Call me crazy, but I don’t like Labor Day, and not just because I can’t wear white pants anymore.
I have always detested Labor Day ever since I was a child and the holiday signaled the dreaded back-to-school routine. Then, I think I disliked it even more as an adult and as the mother of young children who loved the pool and the beach and bikes and skates and popsicles.
I have even shed a tear on that day. I am not the mom who danced when the school bus arrived. We tried not to say the “s word” (school) all summer.
Even well into middle age, I still wish for long days filled with the windows rolled down, the music turned up and the cares carried away on the breeze.
Summer is possibilities. Trips. Reunions. Sand. Sunshine. Gardens. Days that stretch for hours and hours. Fresh, juicy fruit and Jersey tomatoes.
Labor Day, to me, signifies an end.
The onset of fall means heavy coats and snow shovels at the ready and darkness falling early.
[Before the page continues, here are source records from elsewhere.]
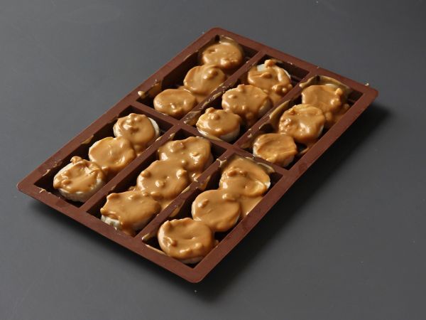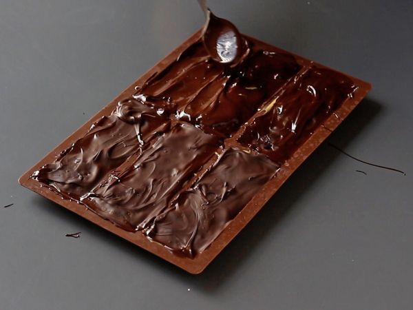 Funde el chocolate negro al baño maría o en intervalos cortos en el microondas. Vierte una capa de chocolate fundido sobre cada cavidad, cubriendo bien el relleno. Devuelve el molde al congelador durante al menos 15 minutos, o hasta que el chocolate haya endurecido por completo.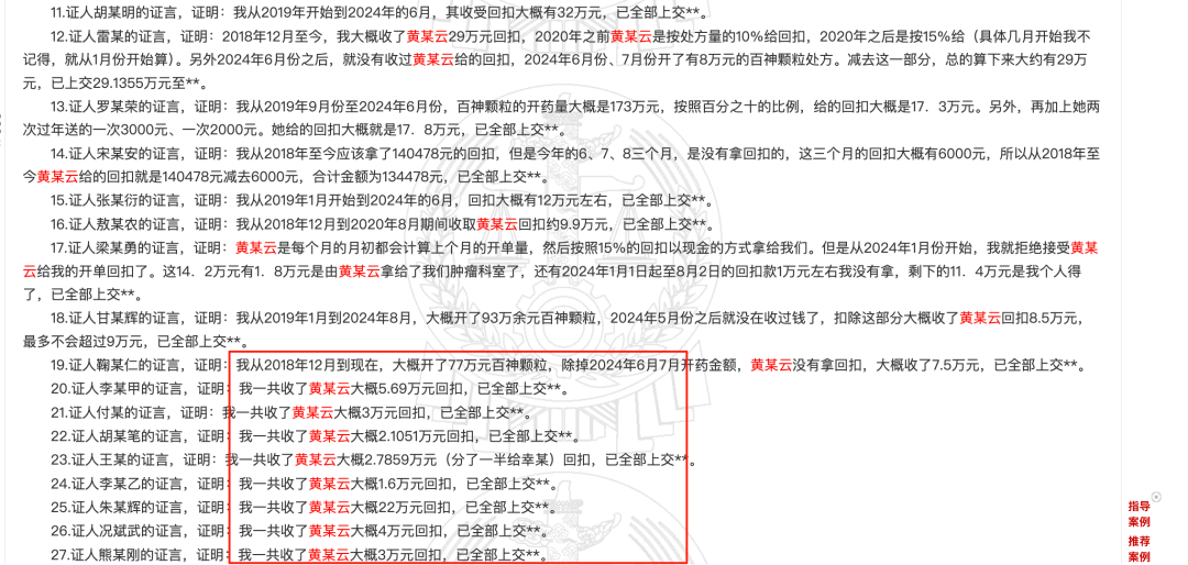只不過法院判決的案件中,雖然黃某云是以醫(yī)藥公司名義開展業(yè)務(wù),但其行賄行為屬于個(gè)人為獲取高額提成而實(shí)施,不符合單位犯罪特征。因此,判決結(jié)果并未涉及百神藥業(yè)。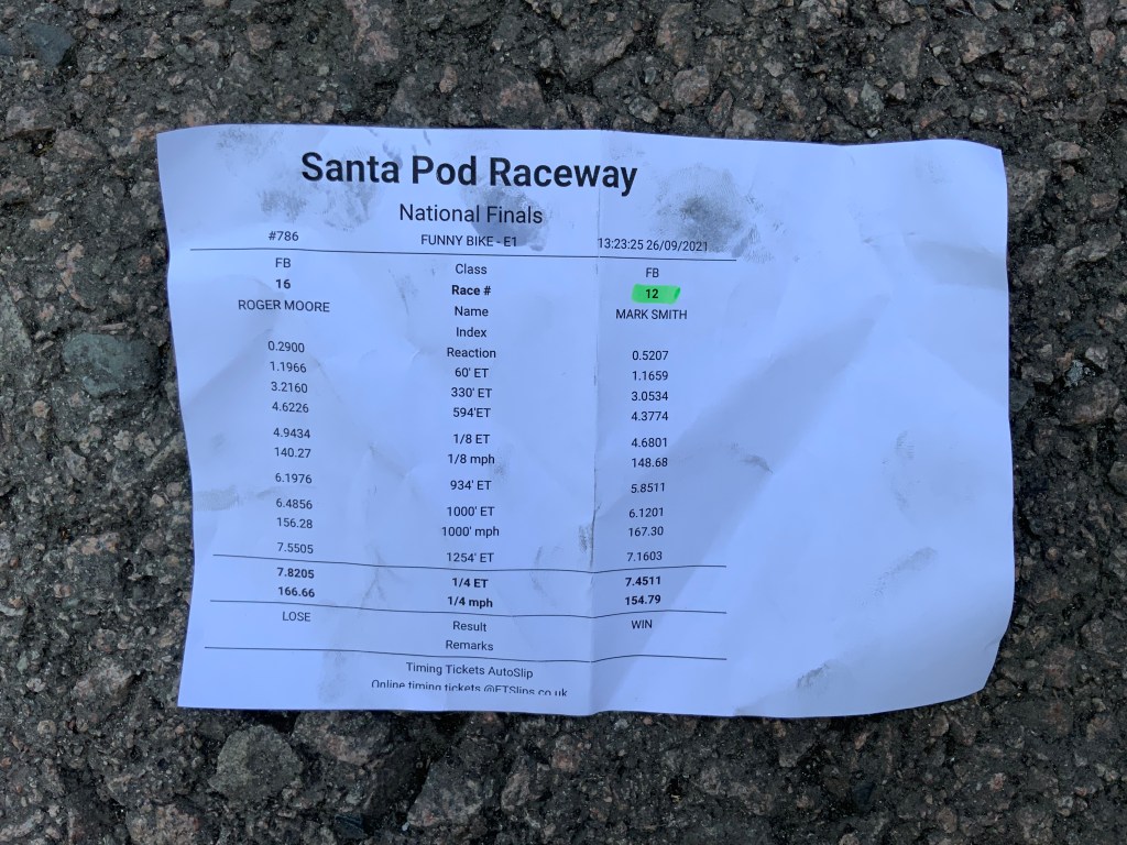 Smithy was up against Roger Moore. As you can see below Roger had a good reaction time of 0.2900. Smithy was a tad slower off the line, with a reaction time of 0.52. The bike shifted left again. Smithy pulled it back and took the win with 7.45seconds at 154mph.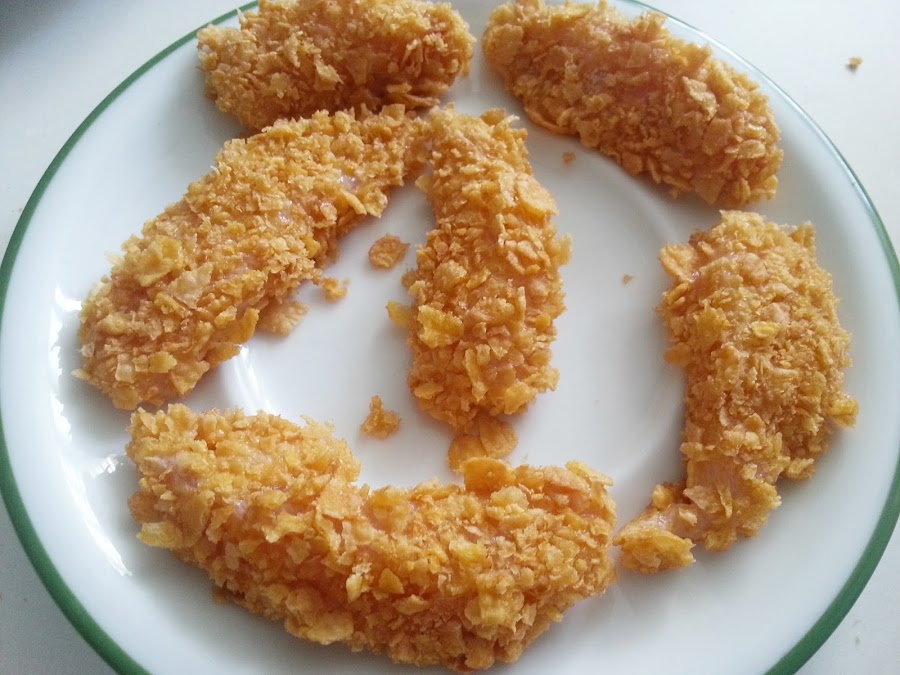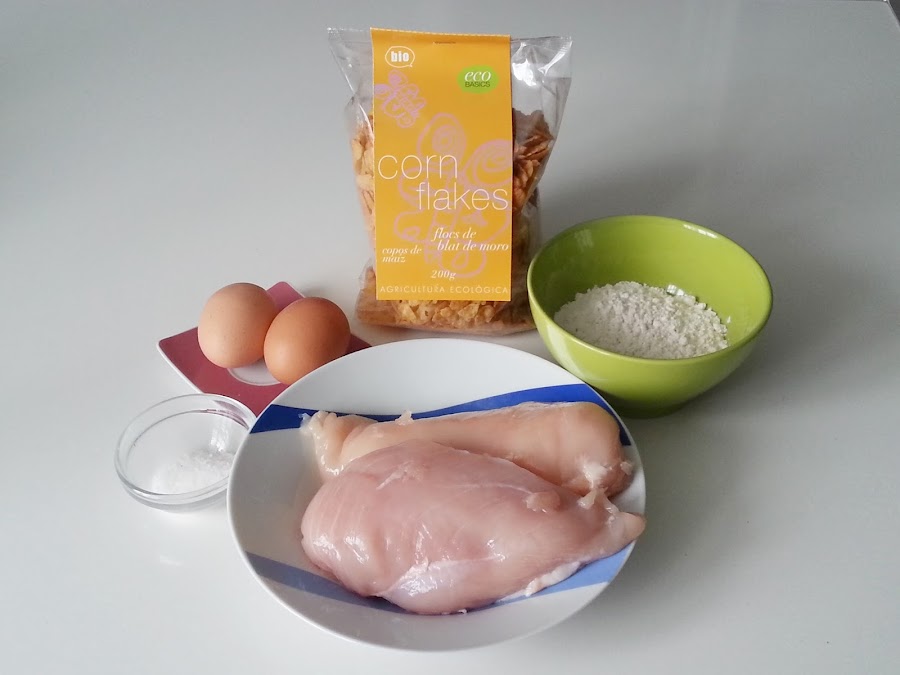 A diferencia del empanado normal, lo que he utilizado ha sido cereales triturados, en esta ocasión han sido Cornflakes o lo que es lo mismo, copos de maíz de Eco Basics.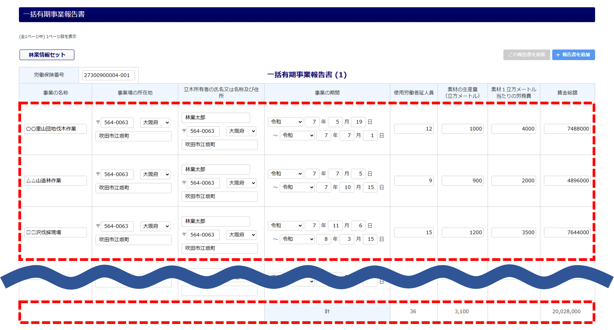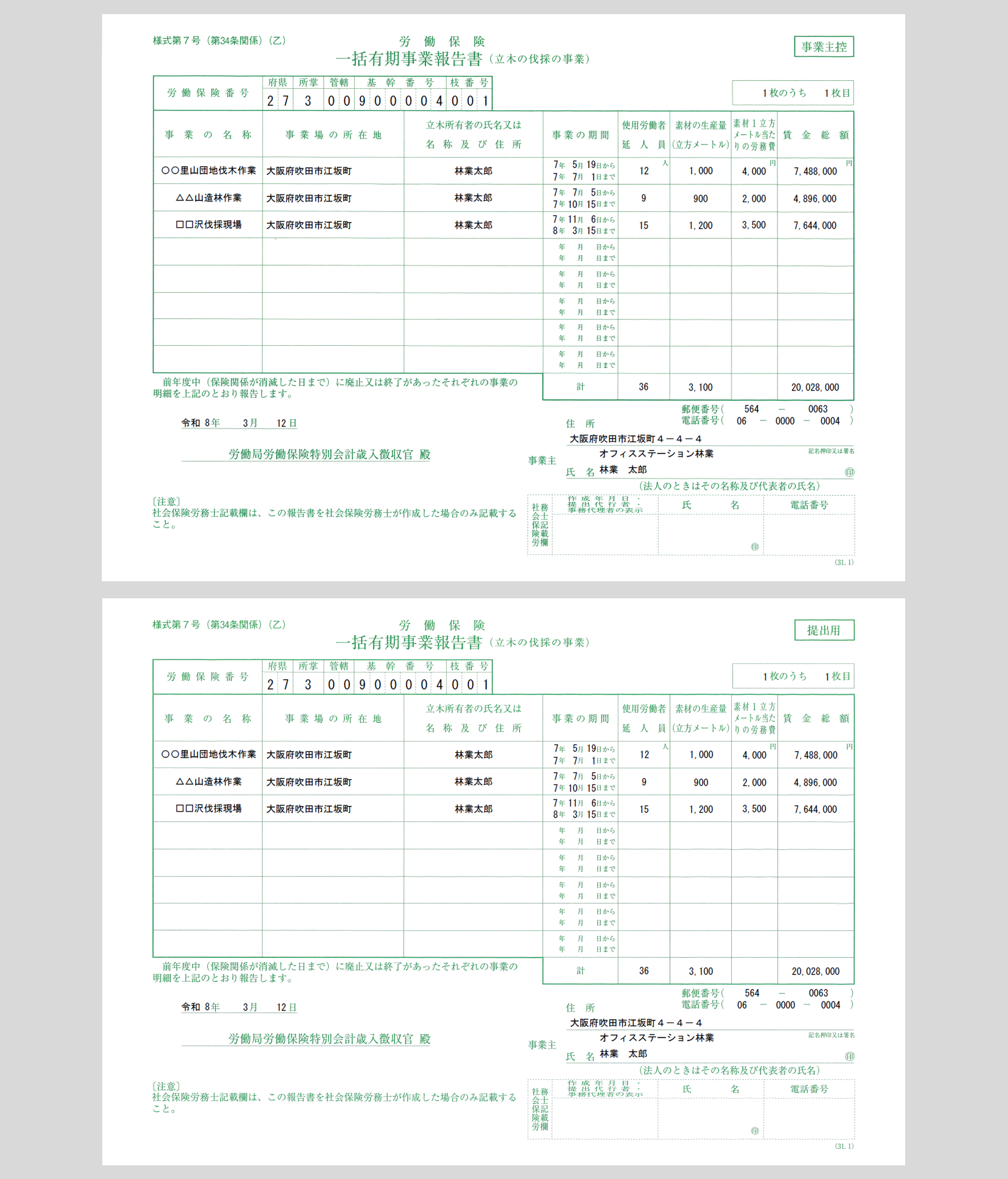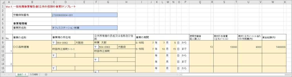 以上で、「一括有期事業報告書 (立木の伐採の事業)」の作成は完了です。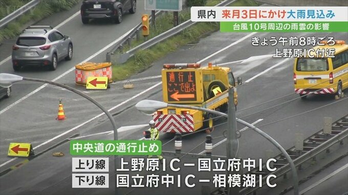 中央道は、雨のため上り線が上野原インターから国立府中インターまで下り線が国立府中インターから相模湖インターまで通行止めとなっています。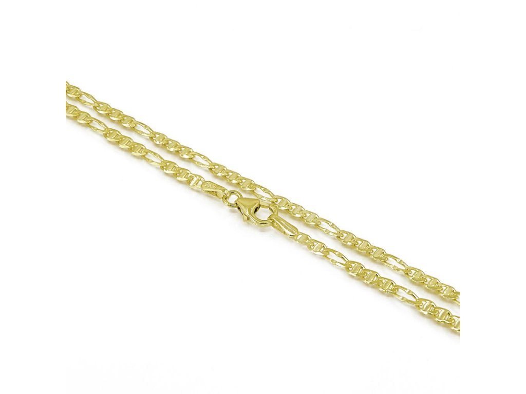 Řetízek Figaro na krk se šířkou vzoru 2,5 mm. Zapínání je na karabinu. Řetízek je vyroben ze žlutého čtrnáctikarátového zlata s lesklou povrchovou úpravou a v diamantovém brusu, tak ať působí třpytivým dojmem.
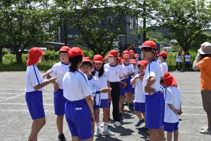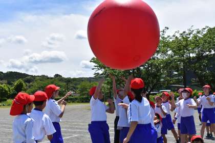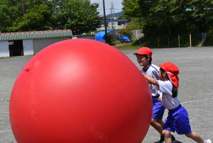紅組は、大玉運びの練習です。玉を転がす人数が4人から2人に変わりました。ルール変更ですね。4人の時は、玉に触れない人がいましたものね。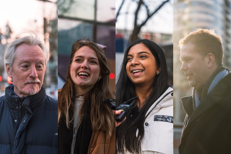 The combo photo shows that Xinhua's China Chat team interviews expats on the streets of Beijing, capital of China, Jan. 11, 2022. (Xinhua/Xu Yongzheng)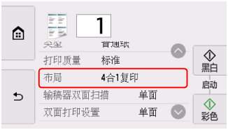 在复印待机屏幕中选择设置以显示打印设置屏幕,为布局选择4合1复印,然后选择OK。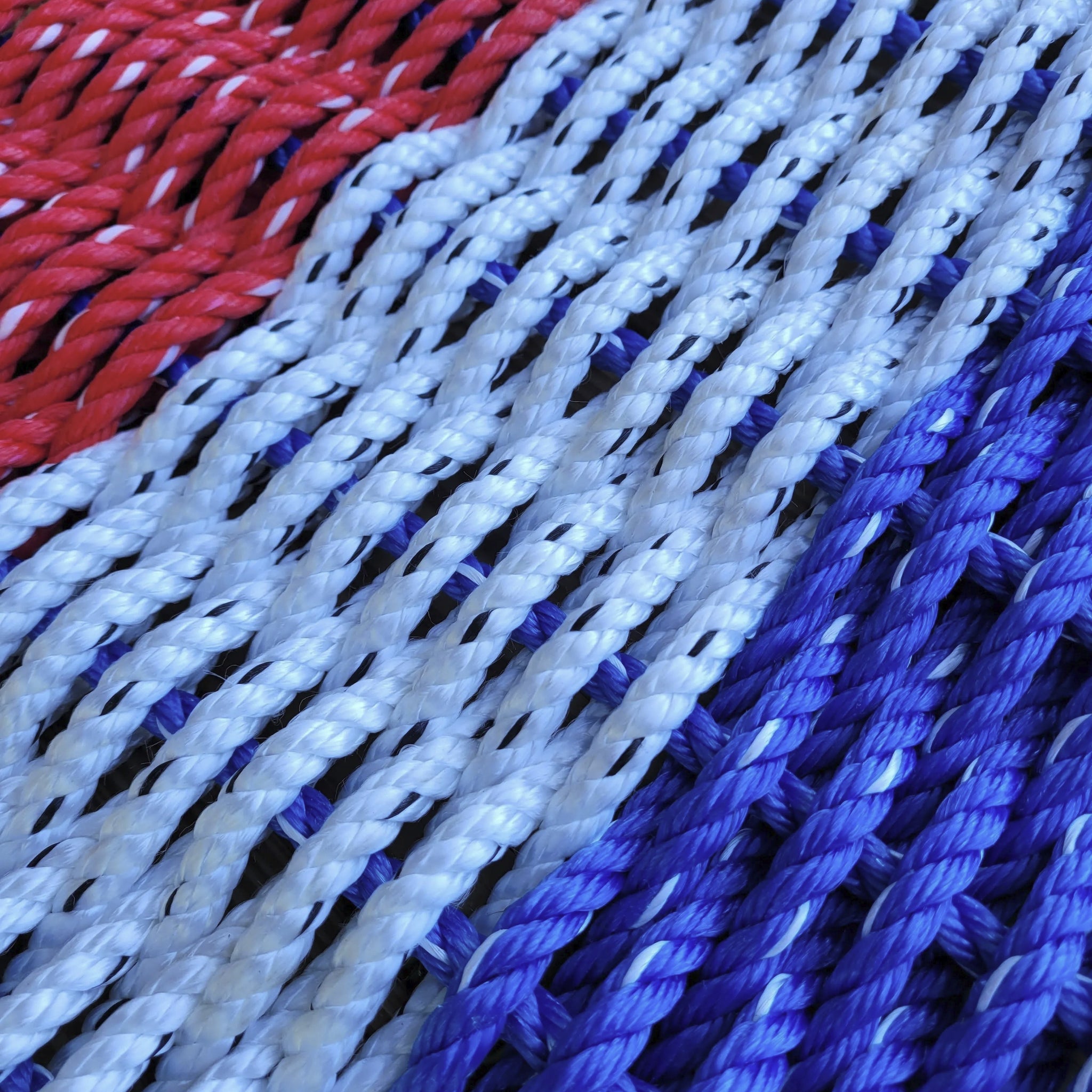 Celebrate coastal tradition with a patriotic twist! Handmade on the coast of Maine from authentic recycled lobster trap rope, this Red, White, and Blue Stripe Rope Mat is as durable as it is eye-catching. Tough, weather-resistant, and built to last for years, it’s perfect for porches, patios, decks, or entryways. The bold stripes add a vibrant nautical flair while helping keep dirt outside where it belongs. Eco-friendly and handwoven, each mat tells a story of craftsmanship, resilience, and American coastal heritage.

The anxiety over the end of summer snuck up on me this year. Other worries crowded it out. Why was I so anxious? But wait, I recently realized it wasn’t the usual stressors. It is Labor Day. The younger daughter will pack to return to college. The older daughter will go back to teaching her class.
Maybe the pull in my heart is even more bittersweet in middle age.
The cliché of “Where does the time go?” hits home harder and more frequently. I cheat on the calendar. I schedule vacation in early fall, pretending the summer still stretches on, ignoring the march toward Halloween and all things autumn.
I wax philosophical and try to buoy my emotions by saying the fall (even its name is ghastly, who looks forward to a fall?) will bring new opportunities, new adventures. That lasts for a while.
But for now, I remain in denial. I will savor New Jersey sweet corn. I will sit on the porch more on the sultry summer evenings. I will not let my husband relegate those beach chairs to the shed, not yet. And the red-and-white striped beach bag is staying at the ready, just in case.
Donna Kenyon is executive editor of Greater Media Newspapers.